In dieselbe Richtung geht auch das israelische Unternehmen Redefine Meat. Es setzt ebenfalls auf rein pflanzliche Zutaten, will dabei aber mit einem speziellen Ansatz noch stärker an das echte Fleisch-Gefühl beim Verzehr herankommen: Es lässt seine Produkte in speziell dafür entwickelten industriellen 3D-Druckern entstehen. Textur, Geschmack und Ess-Erlebnis soll dadurch gleich sein wie bei Rind und anderem hochwertigen Fleisch, erklärt das Unternehmen, und verspricht 95 Prozent weniger Umweltbelastung.

An Redefine Meat ist unter anderem die deutsche PHW-Gruppe beteiligt, zu der die bekannte Geflügel-Marke Wiesenhof gehört. In einer neuen Kapitalrunde Mitte Februar nahm das Unternehmen weitere 29 Millionen Dollar ein. Damit soll laut einer Mitteilung das Produkt-Angebot vergrößert und der Marktstart mit internationalem Wachstum in diesem Jahr finanziert werden. Bis 2030 will Redefine gar zum weltweit größten Anbieter von Alternativ-Fleisch werden.

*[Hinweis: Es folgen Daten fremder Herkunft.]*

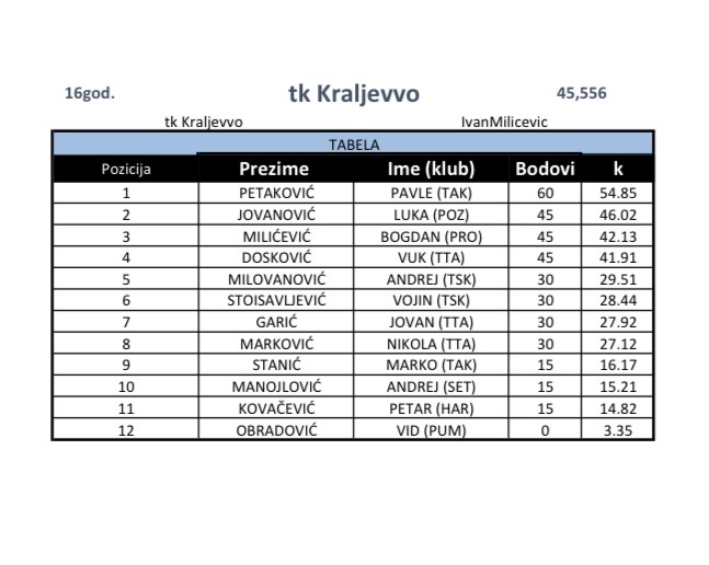 Pavle Petaković pobednik je turnira. Drugo mesto osvojili su Luka Jovanović, Bogdan Miličević i Vuk Dosković.

Wie die Wirtschaftswoche im Januar berichtete, soll der Weg dorthin frühzeitig über Deutschland führen. Noch im ersten Halbjahr 2021 sollen Redefine-Produkte auch in Deutschland und der Schweiz erhältlich sein, kündigte der Gründer Eshchar Ben-Shitrit gegenüber der Zeitschrift an. Diese Expansion ins Ausland beginne mit Restaurants, später solle das Fleisch neuer Definition auch in die Geschäfte kommen. In der Heimat Israel wurde bereits eine Vertriebsvereinbarung mit dem großen Fleischhändler Best Meister geschlossen.

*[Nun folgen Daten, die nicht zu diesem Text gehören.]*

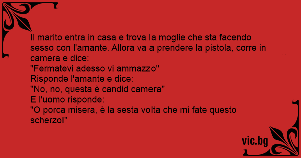 Il marito entra in casa e trova la moglie che sta facendo sesso соn l'amante. Allora va a prendere la рisтоlа, corre in camera e dice: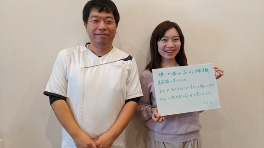 初回からしっかりと結果を出すことができました。施術の内容にとても喜んで頂き、大変うれしく思います。これから、目標に向かって一緒に頑張っていきましょう‼

Ein gemeinsamer Test der beiden Unternehmen in einem Vorort von Tel-Aviv erbrachte nach Angaben von Redefine Meat eine „Akzeptanzquote von mehr als 90 Prozent“. Dazu wurde mit dem Werbe-Motto „Ein neues Fleisch für die Stadt“ ein Imbiss-Wagen aufgestellt, der die Erwartungen dann deutlich übertraf, wie Gründer Ben-Shitrit berichtete: Man habe eigentlich nur mit 200 Besuchern an 2 Tagen gerechnet, letztlich seien aber 600 Neugierige an nur einem Tag gekommen und hätten sich zum Teil 50 Minuten in die Schlange gestellt.

Erst nach dem Verzehr wurden die Imbiss-Kunden aufgeklärt, was sie eigentlich gegessen hatten. Die Rückmeldungen zeigten nach Angaben von Redefine Meat dann „überwältigend“, dass die eigenen Produkte bei Geschmack, Konsistenz und Gefühl im Mund mit echtem Fleisch vergleichbar seien. In einer anderen Information erwähnt das Unternehmen außerdem, die eigenen Produkte würden sogar weniger kosten als das echtes Fleisch.

Beides zusammen könnte ausreichen, um auch eingefleischte Freunde von echten Steaks und Würsten zu überzeugen. Redefine Meat und andere Anbieter mit ähnlichen 3D-Konzepten würden dann dafür sorgen, dass die von Gates geforderte Total-Abkehr von natürlichem Rindfleisch auch ohne gesetzliche Vorgaben möglich ist. Und das wäre sicher hilfreichl, denn wie Gates selbst sagte, wäre ein Verbot von echtem Fleisch politisch überaus heikel.